What is needed. Please retype the listing below exactly as it stands, skipping any pictures.
=== Section Start ===
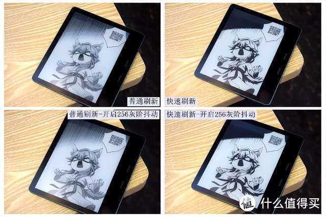 而从实际体验来看,普通刷新和快速刷新模式下都能够开启256度灰阶抖动,最明显的变化是灰阶过渡更柔和了,原本生硬的线条感与灰白过渡表现得更自然,大幅度提升了用户阅读漫画和图片时的体验效果。
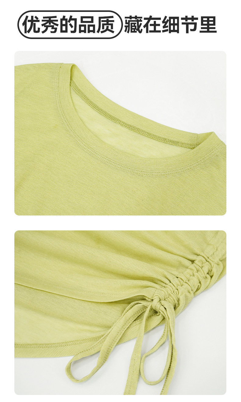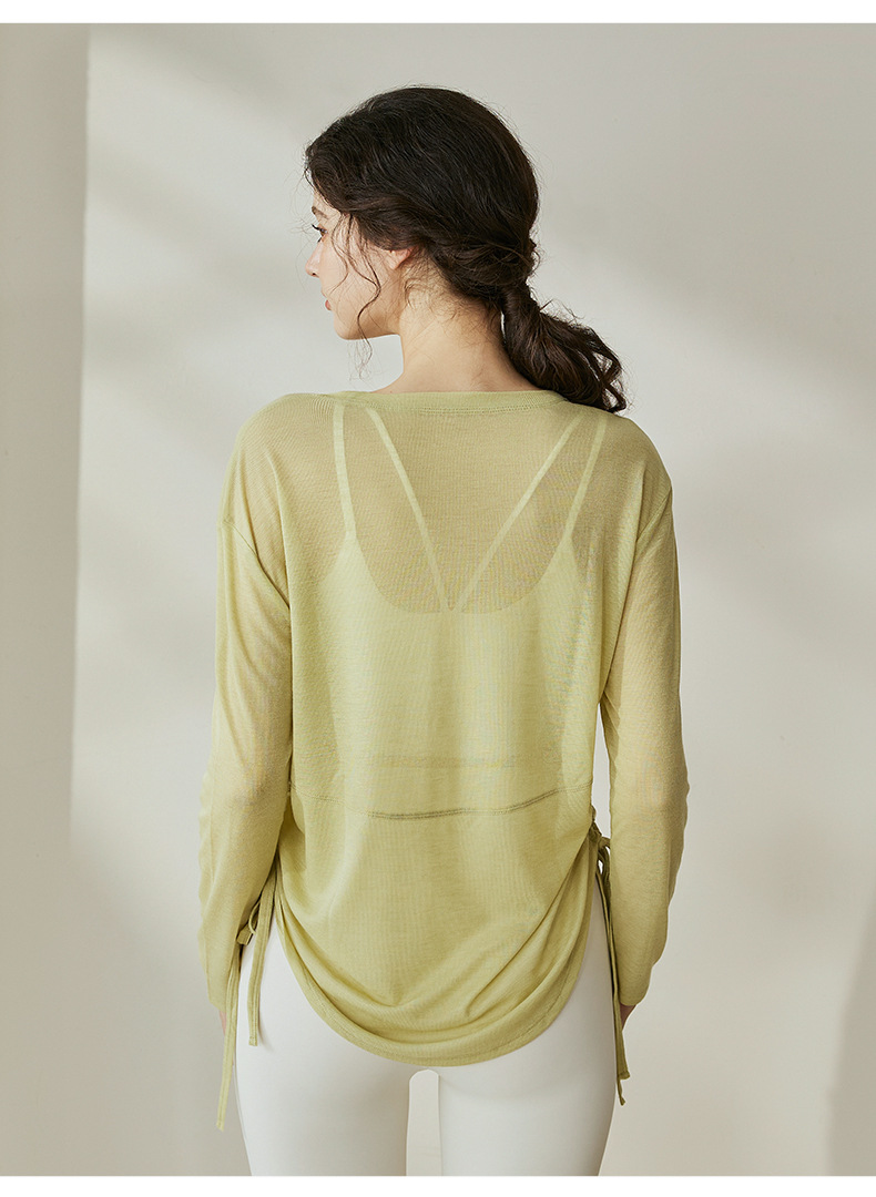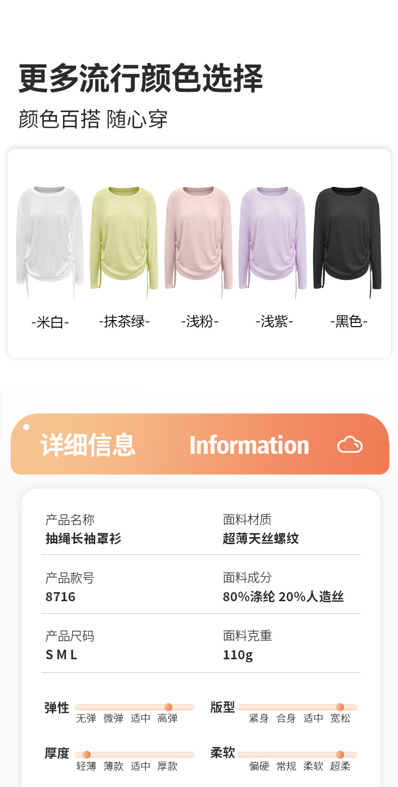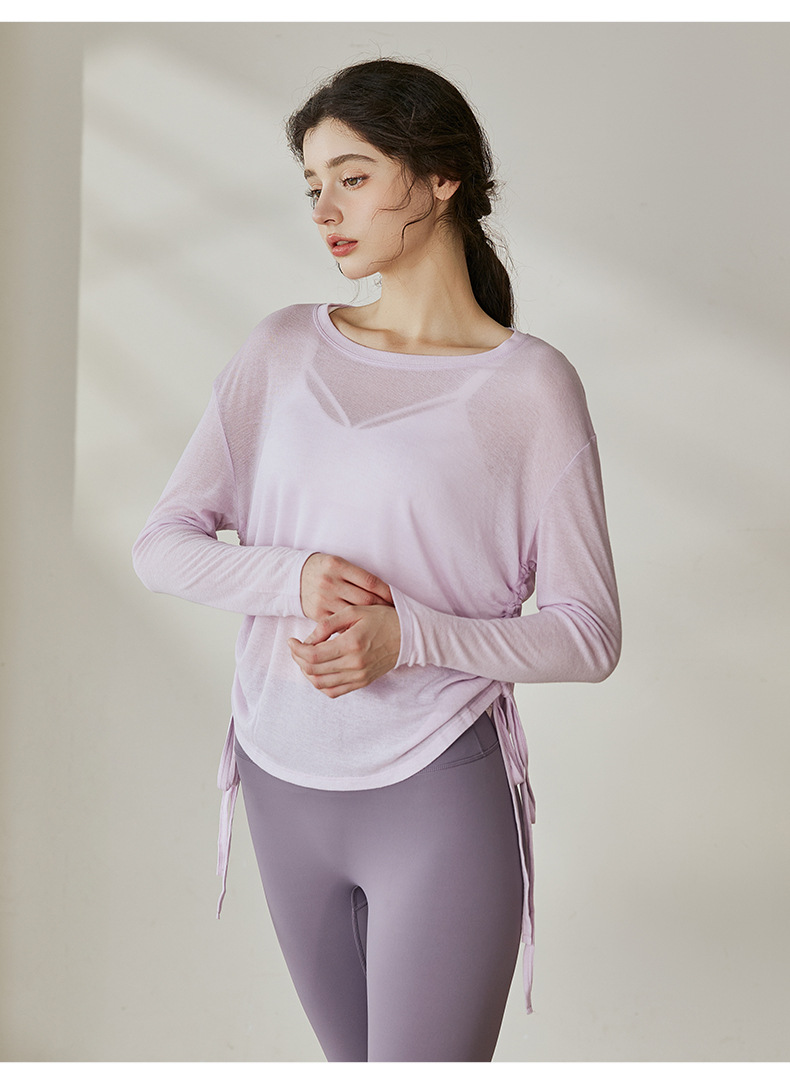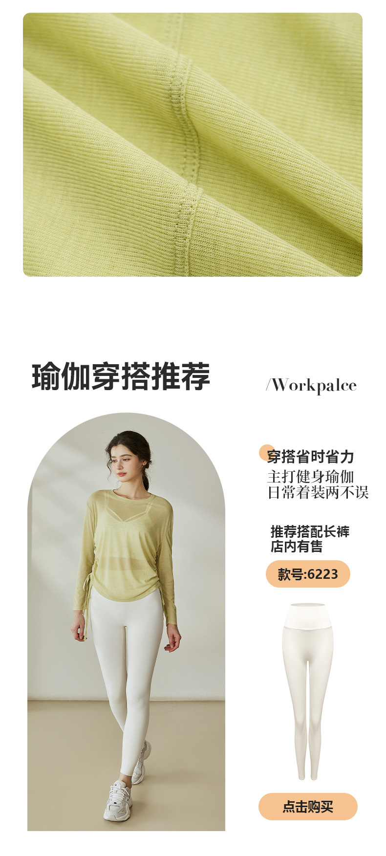 瑜伽服女夏季新款遮臀褶皱抽绳长袖t恤运动户外宽松休闲健身罩衫
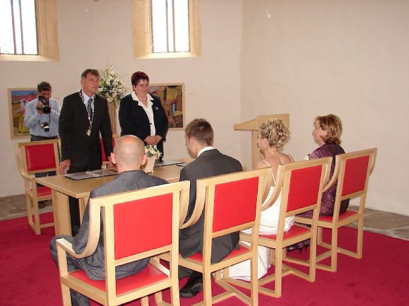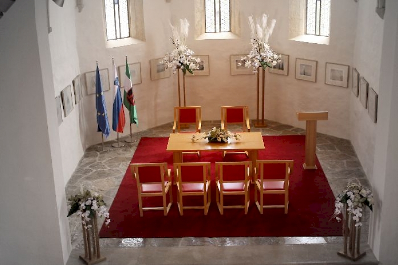 Prostor za potek obreda je prezbiterij cerkve, nekdanji oltarni prostor, ki primerno opremljen in okrašen, skupaj s civilnim obredom ponuja čudovito soglasje nekdanjega jedra cerkvenega prostora in ideje civilne sklenitve zakonske zveze.
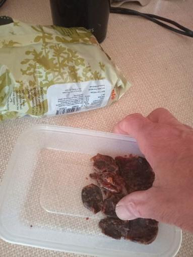 2. In the plastic box or similar container, place about 15 pitted organic dates.
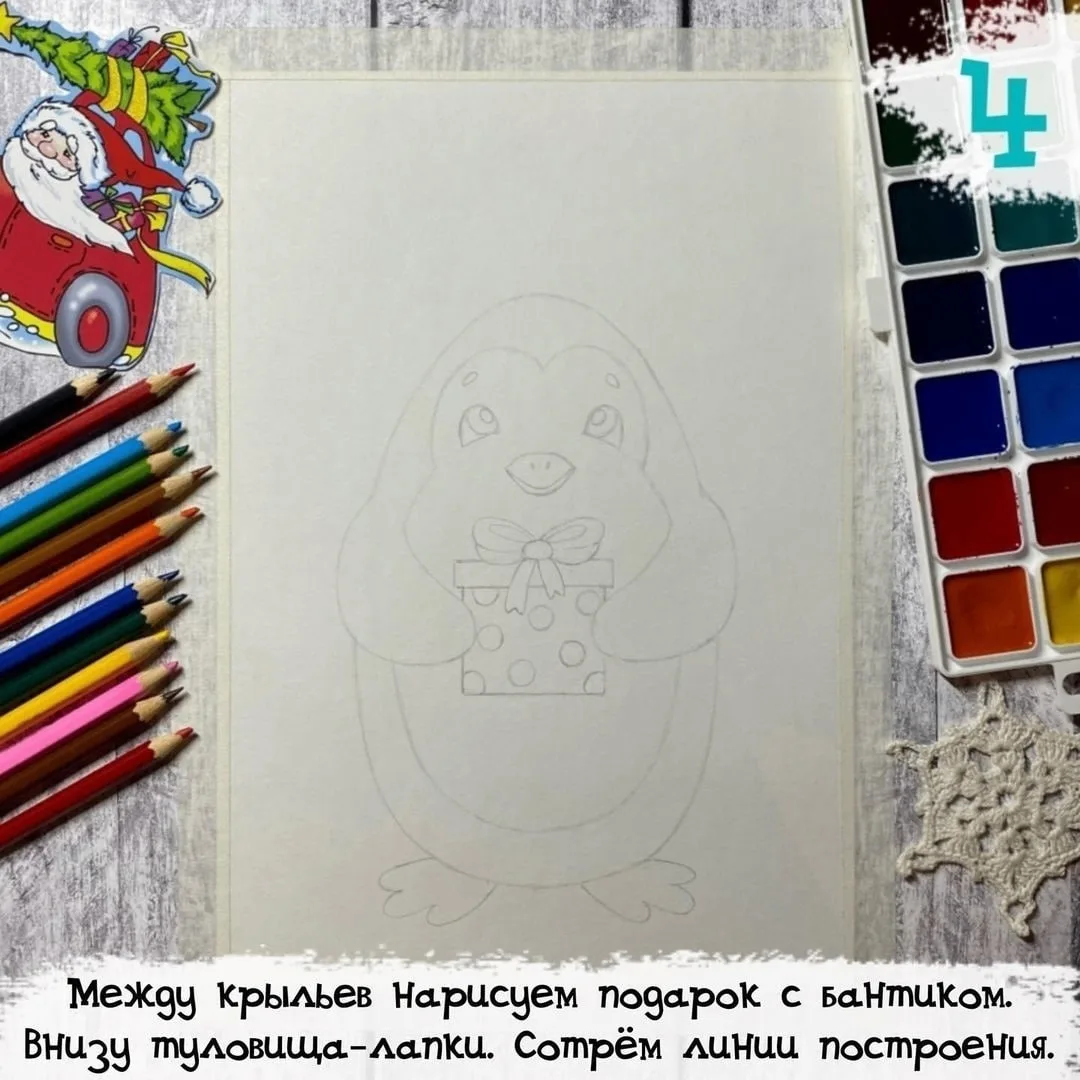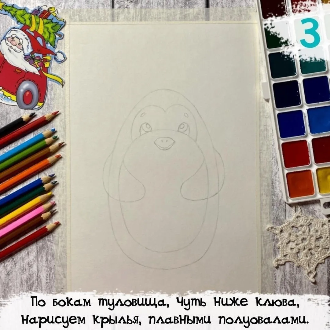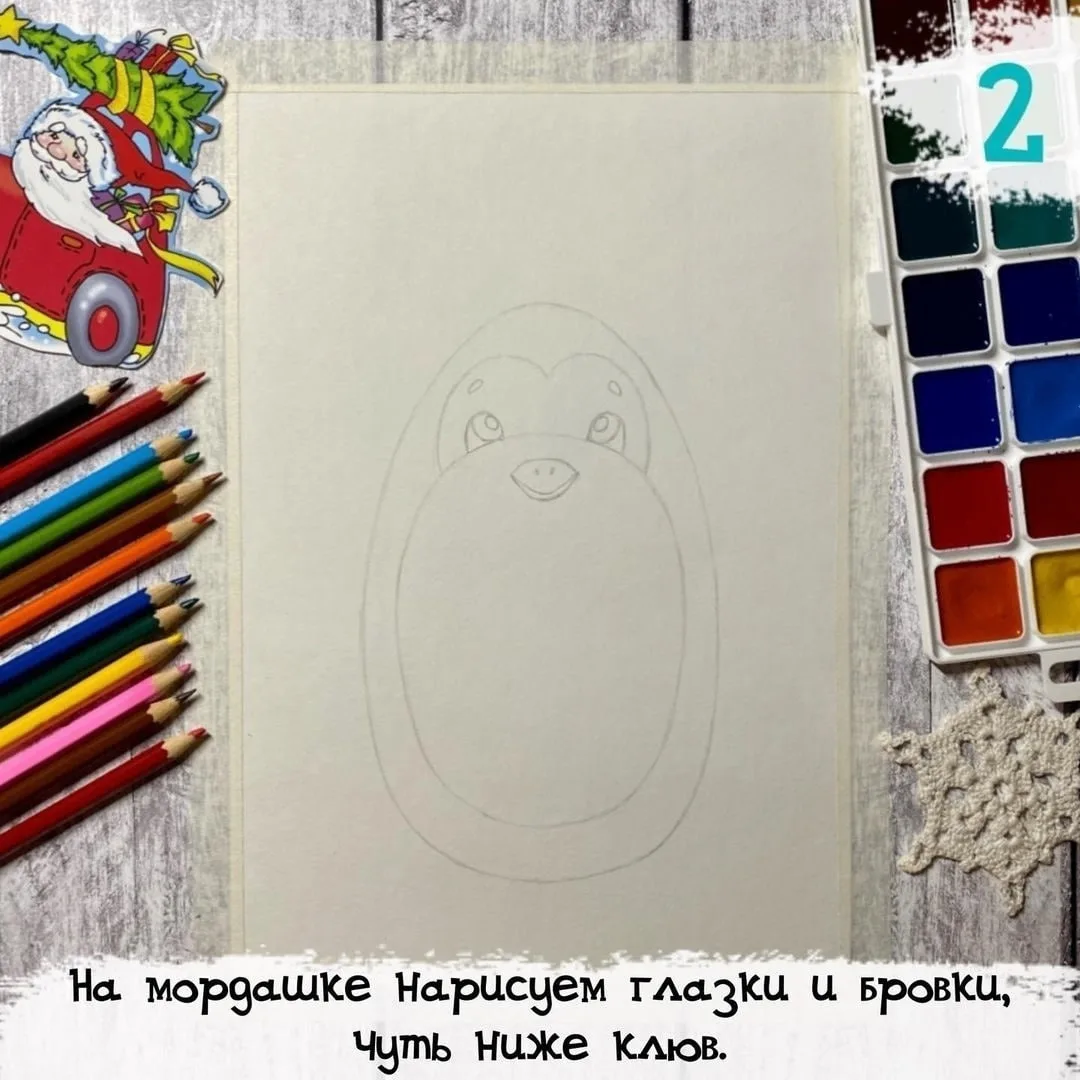Рисуем новогоднего пингвина
=== Section End ===
Exercise solution.
 而从实际体验来看,普通刷新和快速刷新模式下都能够开启256度灰阶抖动,最明显的变化是灰阶过渡更柔和了,原本生硬的线条感与灰白过渡表现得更自然,大幅度提升了用户阅读漫画和图片时的体验效果。
 瑜伽服女夏季新款遮臀褶皱抽绳长袖t恤运动户外宽松休闲健身罩衫
 Prostor za potek obreda je prezbiterij cerkve, nekdanji oltarni prostor, ki primerno opremljen in okrašen, skupaj s civilnim obredom ponuja čudovito soglasje nekdanjega jedra cerkvenega prostora in ideje civilne sklenitve zakonske zveze.
 2. In the plastic box or similar container, place about 15 pitted organic dates.
Рисуем новогоднего пингвина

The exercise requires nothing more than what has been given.